In this study, we analyze study data sharing by disease domain. As part of a larger project focusing on analysis of clinical trials and their common data elements for the HIV and AIDS domain, we further focus on describing the body of all HIV trials (we use the term HIV trials to refer to both HIV and AIDS trials) and compare patterns of data sharing in HIV with other medical domains.
Methods
Determining data sharing on disease level
We used relational database representation of CTG study registration data called Aggregate Analysis of ClincalTrials.gov (AACT) created at Duke University.6 The AACT database is created by parsing XML representation of each study from CTG. We adopt the CTG terminology and use the term study to refer to both an interventional trial and an observational study. We used SQL language to query and extract data from AACT and R language to analyze the data. The study repository at https://github.com/lhncbc/r-snippets-bmi/tree/master/CTG/sharing contains selected analytical code and supplementary result files.
To assign a given trial to a disease, we used CTG’s condition field. Each CTG study must specify a study condition that is defined as: ‘The name(s) of the disease(s) or condition(s) studied in the clinical study, or the focus of the clinical study.’7 For example, the TOPKAT trial (NCT01352247) has ‘Knee Osteoarthritis’ as a single specified study condition. CTG aggregates similar condition entries into higher level groupings based on Medical Subject Headings (MeSH) terminology (CTG field: condition_mesh).8 The majority of trials (40.5%) have a single condition specified per study when all CTG studies are analyzed. A total of 29.9% of trials have two conditions and 29.6% have three or more conditions specified. Our intent was to analyze sharing by MeSH keyword, so studies that specified multiple keywords were included in any analysis for each specified keyword. To avoid bias in our analysis of overall sharing, we removed conditions that were considered outliers which had less than 15 registered studies.

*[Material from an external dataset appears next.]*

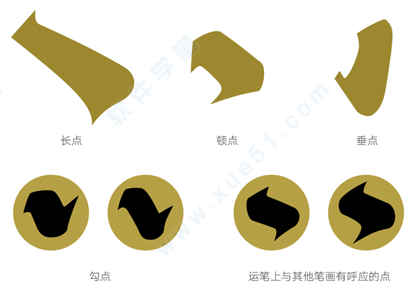 不同位置的点画在终端的装饰和笔画走势上也有各自的特征和差异。

To analyze data sharing intent, we used CTG’s field called plan_to_share_IPD. During study registration, the study record administrator must indicate whether there is a plan to make individual participant data (IPD) collected in the study, including data dictionaries, available to other researchers (typically after the study is completed and a possible data embargo period has expired). The data sharing plan has ‘Yes’, ‘No’ and ‘Undecided’ as possible answers. To avoid bias, we only looked at studies which first registered after December 1, 2015 when this feature was available during first registration, studies that provided an answer in the plan_to_share_IPD field, and studies that had an enrollment greater than zero (we refer to this set of studies as Set_A). For analysis purposes we viewed ‘Undecided’ as not stating that the study plans to share and so included it as a ‘No’ answer. A related second field in CTG is plan_to_share_IPD_description, which is a free text field where details of the plan are described. If the answer was ‘No’ or ‘Undecided’, the description field can be used to explain why IPD will not be shared or why it has not been decided yet.
Predicting Sharing
To explore what factors influence a decision to share study IPD, we developed a predictive model. The model used logistic regression analysis due to the categorical nature of the outcome variable. The predicted outcome variable was the answer of ‘Yes’ to the plan_to_share_IPD field in CTG. In order to select predictors, we first conducted a descriptive analysis of available CTG study level metadata for studies that answered ‘Yes’. Based on this analysis, we subsequently selected a set of predictors either used in past analyses of CTG data9 or identified in a review by two clinical informatics experts. The prediction model was done in an exploratory mode. A comprehensive model was out of scope.
HIV use case
Because of a larger project that focuses on common data elements in HIV, we analyzed as a case study the HIV body of trials. We did several HIV-specific analyses.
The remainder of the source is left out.